Biomedical Research Institute, National Institute of Advanced Industrial Science and Technology (AIST), 1-1-1, Higashi, Tsukuba, Ibaraki 305-8566, Japan.
Department of Applied Chemistry, College of Life Sciences, Ritsumeikan University, 1-1-1 Noji-Higashi, Kusatsu, Shiga 525-8577, Japan.
J Phys Chem Lett. 2023 Apr 27;14(16):3898-3906. doi: 10.1021/acs.jpclett.3c00258. Epub 2023 Apr 24.
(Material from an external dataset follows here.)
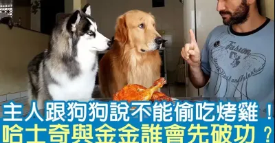 主人跟狗狗說不能偷吃烤雞!哈士奇與金金誰會先破功?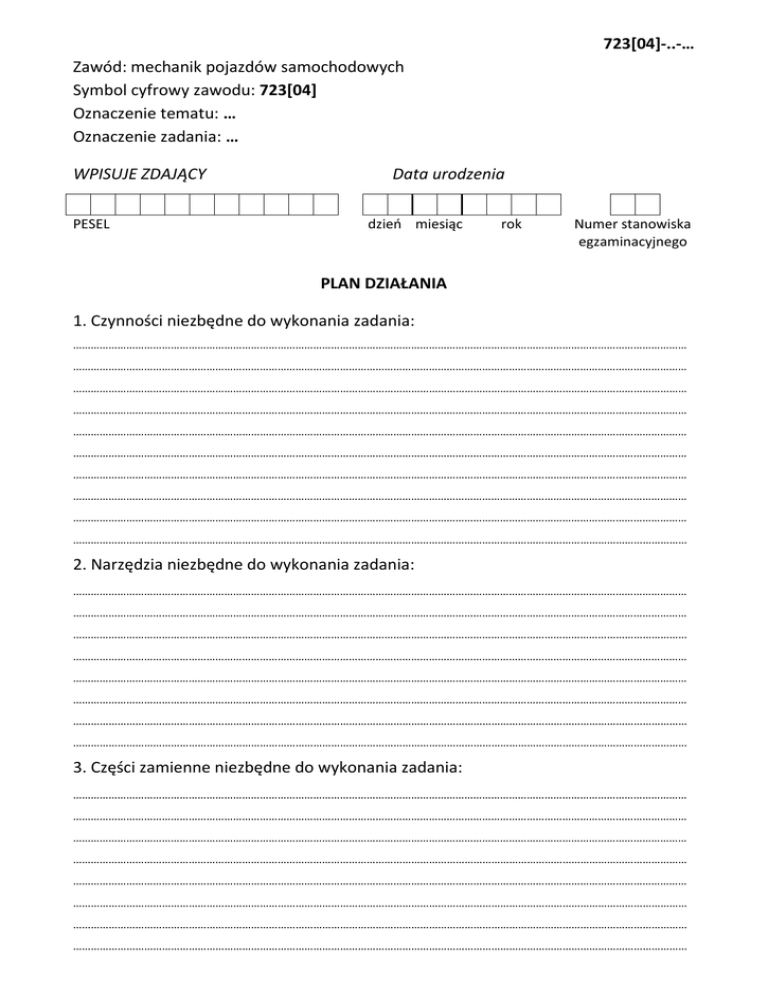 723[04]-..-… Zawód: mechanik pojazdów samochodowych Symbol cyfrowy zawodu: 723[04] Oznaczenie tematu: … Oznaczenie zadania: … WPISUJE ZDAJĄCY PESEL Data urodzenia dzieo miesiąc rok Numer stanowiska egzaminacyjnego PLAN DZIAŁANIA 1. Czynności niezbędne do wykonania zadania: ……………………………………………………………………………………………………………………………………………………………………………………… ……………………………………………………………………………………………………………………………………………………………………………………… ……………………………………………………………………………………………………………………………………………………………………………………… ……………………………………………………………………………………………………………………………………………………………………………………… ……………………………………………………………………………………………………………………………………………………………………………………… ……………………………………………………………………………………………………………………………………………………………………………………… ……………………………………………………………………………………………………………………………………………………………………………………… ……………………………………………………………………………………………………………………………………………………………………………………… ……………………………………………………………………………………………………………………………………………………………………………………… ……………………………………………………………………………………………………………………………………………………………………………………… 2. Narzędzia niezbędne do wykonania zadania: ……………………………………………………………………………………………………………………………………………………………………………………… ……………………………………………………………………………………………………………………………………………………………………………………… ……………………………………………………………………………………………………………………………………………………………………………………… ……………………………………………………………………………………………………………………………………………………………………………………… ……………………………………………………………………………………………………………………………………………………………………………………… ……………………………………………………………………………………………………………………………………………………………………………………… ……………………………………………………………………………………………………………………………………………………………………………………… ……………………………………………………………………………………………………………………………………………………………………………………… 3. Części zamienne niezbędne do wykonania zadania: ……………………………………………………………………………………………………………………………………………………………………………………… ……………………………………………………………………………………………………………………………………………………………………………………… ……………………………………………………………………………………………………………………………………………………………………………………… ……………………………………………………………………………………………………………………………………………………………………………………… ……………………………………………………………………………………………………………………………………………………………………………………… ……………………………………………………………………………………………………………………………………………………………………………………… ……………………………………………………………………………………………………………………………………………………………………………………… ………………………………………………………………………………………………………………………………………………………………………………………

Protein denaturation is a ubiquitous process that occurs both and . While our molecular understanding of the denatured structures of proteins is limited, it is commonly accepted that the loss of unique intramolecular contacts makes proteins larger. Herein, we report compaction of the immunoglobulin G1 (IgG1) protein upon acid denaturation. Small-angle X-ray scattering coupled with size exclusion chromatography revealed that IgG1 radii of gyration at pH 2 were ∼75% of those at a neutral pH. Scattering profiles showed a compact globular shape, supported by analytical ultracentrifugation. The acid denaturation of proteins with a decrease in size is energetically costly, and acid-induced compaction requires an attractive force for domain reorientation. Such intramolecular aggregation may be widespread in immunoglobulin proteins as noncanonical structures. Herein, we discuss the potential biological significance of these noncanonical structures of antibodies.
蛋白质变性是一种普遍存在的过程,既发生在生理条件下,也发生在非正常条件下。虽然我们对蛋白质变性结构的分子理解有限,但普遍认为,独特的分子内接触的丧失使蛋白质变得更大。在这里,我们报告了免疫球蛋白 G1(IgG1)在酸变性时的紧凑化。小角度 X 射线散射与尺寸排阻色谱法相结合表明,在 pH 值为 2 时 IgG1 的回转半径约为中性 pH 值时的 75%。散射谱图显示出紧凑的球形形状,这得到了分析超速离心的支持。蛋白质在尺寸减小的情况下发生变性是能量消耗大的,而酸诱导的紧凑化需要一种用于结构域重排的吸引力。这种分子内聚集在免疫球蛋白蛋白中可能很普遍,因为它们是非典型结构。在此,我们讨论了这些抗体的非典型结构的潜在生物学意义。